Coming on the cusp of Kenya’s three reported coronavirus case, a Fitch Solutions report for April 2020 shows significant slowdown of key growth sectors, which could hinder Treasury’s attempt to attain fiscal consolidation.

When the first case of coronavirus was reported in the country on Friday, the markets responded immediately wiping out some Sh120 billion in paper wealth at the bourse.
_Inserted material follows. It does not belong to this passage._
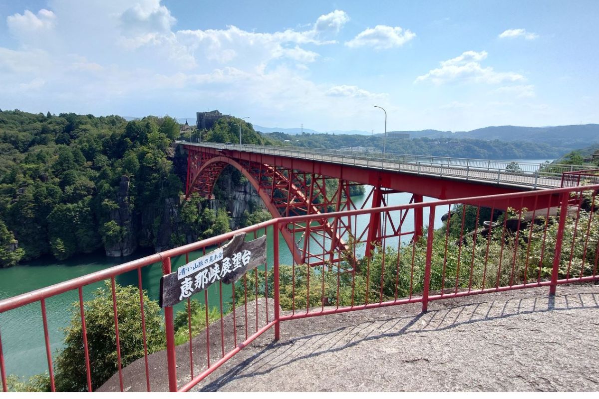 惠那峽由木曾川長年侵蝕而成,形成奇岩怪石並伴隨碧綠湖面,呈現雄偉自然景觀。展望台視野遼闊,可俯瞰峽谷蜿蜒、湖光山色交織的畫面,夕陽時更顯金光流動。春天的櫻、秋天的楓讓景色更加豐富,是攝影愛好者與自然旅人的絕佳勝地。展望台旁亦設有輕鬆散策步道,可細細觀賞峽谷切割出的壯觀地形,是感受飛驒與木曾自然風貌的絕佳景點。

Yesterday, two more cases were reported.

Kenya, which imports heavily from China, has also seen disruptions to the supply chain and a dip in tourism, an important source of hard currency and jobs for the country. 

Impact bill

Kenya’s annual import bill which stands at about Sh1.76 trillion sourced  about 20 per cent from from China, worth about Sh370 billion.

In Kenya’s tourism haven of Maasai Mara Game Reserve, hoteliers are a worried with more than 70 per cent of bookings having been cancelled following the outbreak of the virus.

“We forecast efforts to rein in total expenditure to have limited success over the short term, keeping the fiscal deficit wide at 7.5 per cent of the gross domestic product in the 2019/20 fiscal year and 6.9 per cent in FY20/21, compared to 7.7 per cent in FY18/19,” the study shows. 

It will be a tough call for Treasury  to bolster growth as Fitch Solutions Group Ltd analyst Tettey Addy notes, saying the costs of repaying public debt will also contribute largely to the rising expenditure growth in the short term.

“We see increased upside risks to Kenya’s fiscal deficit and debt burden over the coming years.

Amid muted short-term prospects for revenue generation, we forecast that further growth in borrowing will see the public debt burden average 64 per cent from 2020 to 2022,” the report said.

Adverse weather

Addy said the slowdowns were observed in various sectors, which in their view signals that revenue from a range of sources will face constraints over the short term.

In particular, adverse weather in 2019 will weigh on growth in the agricultural sector—which accounted for 21.2 per cent of real GDP from Q318 to Q319 and employs around 57per cent of the labour force—and thereby hamper the growth of income taxes and value-added tax revenue.